More about Vector Graphics

  • Vector graphics are typically generated using drawing or illustration programs (e.g., Adobe Illustrator or Corel Draw) and are composed of mathematically-defined geometric shapes, such as lines, objects, and fills.
  • Since vectors entail both magnitude and direction, vector elements are thus comprised of line segments whose length represents magnitude and whose orientation in space represents direction.
  • Vector graphics are easily modified within the creating application and are usually not affected detrimentally by scaling (enlarging or reducing their size).
  • Because vector elements are mathematically-defined, scaling vector images simply requires modification of their mathematical locations.
  • Unfortunately, vector files do not support photographic imagery well and can often be problematic for cross-platform exchange.
  • Typical vector image formats include AI, CDR, and EPS.
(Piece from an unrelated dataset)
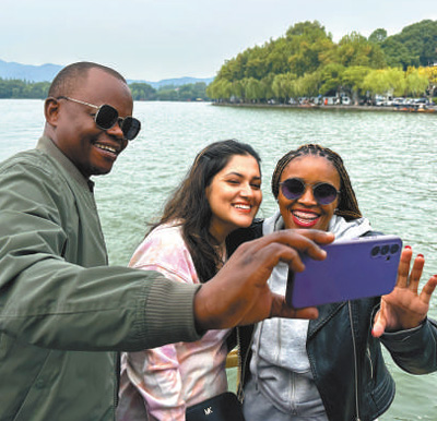10月13日,代表團(tuán)成員在浙江省杭州市西湖景區(qū)合影留念。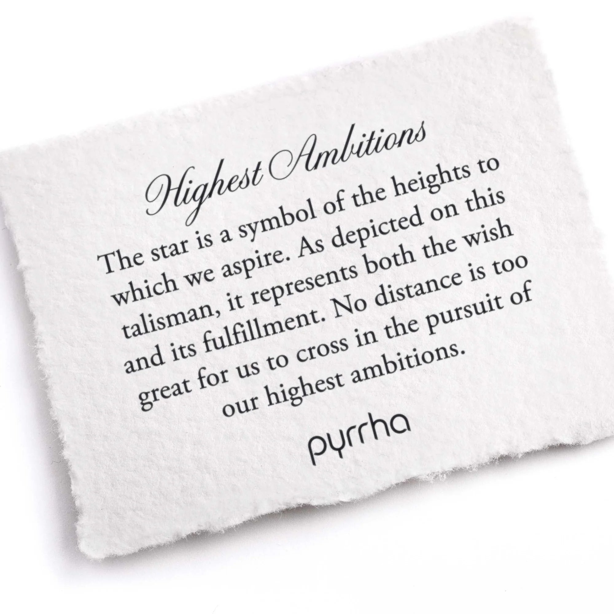L'étoile est un symbole des hauteurs auxquelles nous aspirons. Tel que représenté sur ce talisman, il représente à la fois le souhait et sa réalisation. Aucune distance n’est trop grande à franchir dans la poursuite de nos plus hautes ambitions.

More about Raster Graphics

  • Raster images are produced by digital image capture devices (such as image scanners or digital cameras) or by pixel-editing programs, such as Adobe Photoshop.
  • Raster images are composed of a matrix, or bitmap, of digital picture elements known as pixels.¬†Pixels are squares or rectangles described as black, white, gray, or color.
  • While conversion from vector images to raster images is easily accomplished, converting raster images to a vectorized is much more difficult (and often impossible, especially when converting fonts).
  • Raster images are easily shared across various platforms, but can be more difficult than vector graphics to modify.
  • Raster graphics are also impacted by scaling.
  • Typical raster image formats include JPG, GIF, TIFF, PNG, BMP, among others.